Les taux français ont nettement baissé hier, tout comme les taux allemands.
La débâcle des Bourses mondiales a provoqué une nouvelle fuite de la liquidité vers les marchés obligataires. Et c’est là tout le paradoxe : alors que le monde entier se préoccupe de la dette, les investisseurs se ruent sur les dettes allemande et française, qui ont de nouveau reculé hier à des niveaux proches de leurs plus bas historiques. Si bien qu’il devient pour l’Etat français de moins en moins cher de s’endetter à bon marché.
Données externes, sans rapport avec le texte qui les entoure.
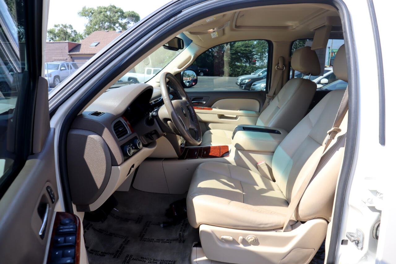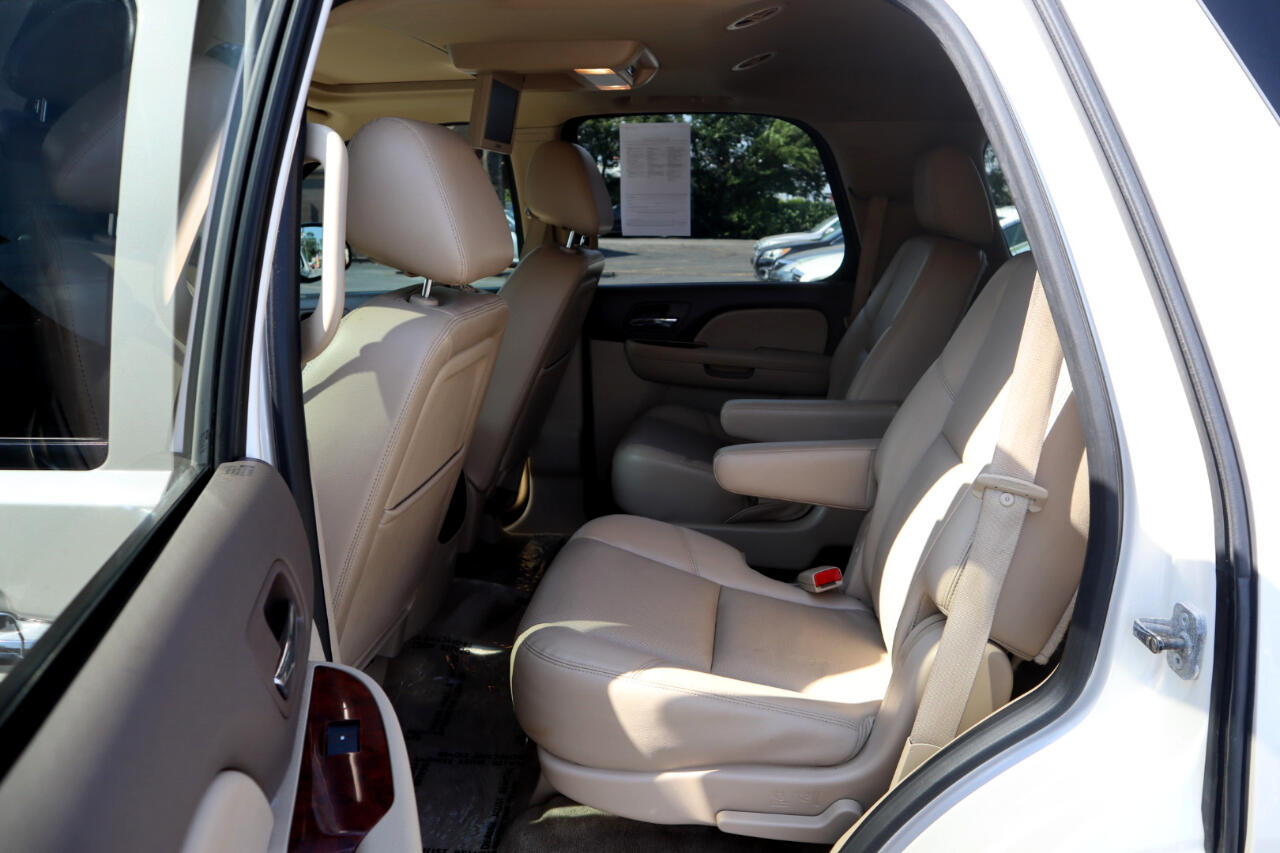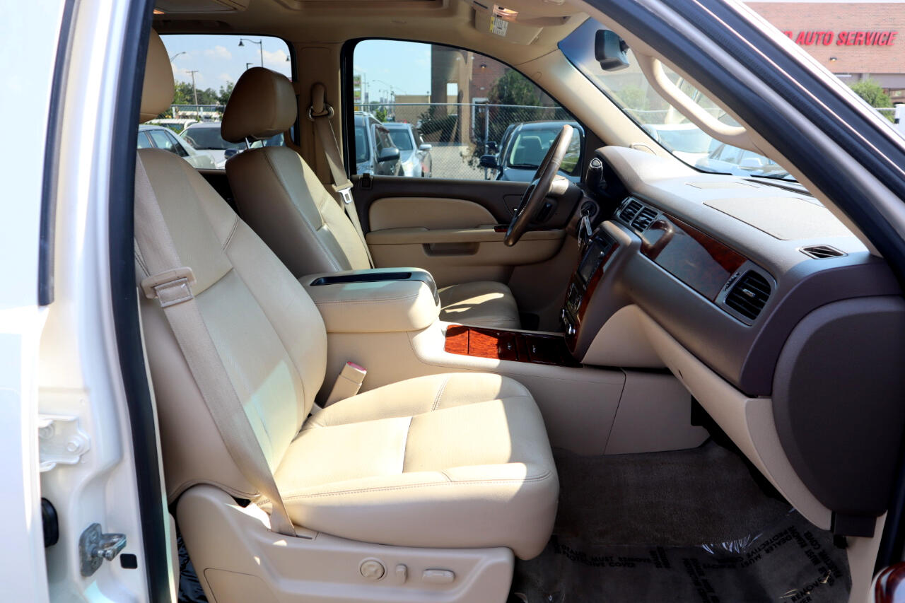 Priced below KBB Fair Purchase Price! White Diamond Tricoat 2014 Chevrolet Tahoe LTZ 4WD 6-Speed Automatic Electronic with Overdrive Vortec 5.3L V8 SFI Flex Fuel Iron Block 4WD, Light Cashmere/Dark Cashmere Leather.

Les taux de l’OAT 10 ans ont ainsi reculé à 2.51%, contre 2.61% la veille. Même chose pour le Bund, qui a vu ses taux reculer à 1.67%, un plus bas historique.
Les craintes de récession étaient la principale motivation des investisseurs à opérer des rotations d’actifs, se portant massivement sur les marchés obligataires. Le CAC 40 baissait ainsi de 5.25%, tout comme les principaux marchés européens, du Dax au Mibtel. Wall Street terminait également dans le rouge, après avoir déjà connu mercredi une séance de forts dégagements. La dette italienne, dans la panique, voyait, elle aussi, ses taux reculer, à 5.66%, contre 5.75% la veille. Même les taux espagnols faisaient figure de refuge, passant de 5.40% à 5.29%.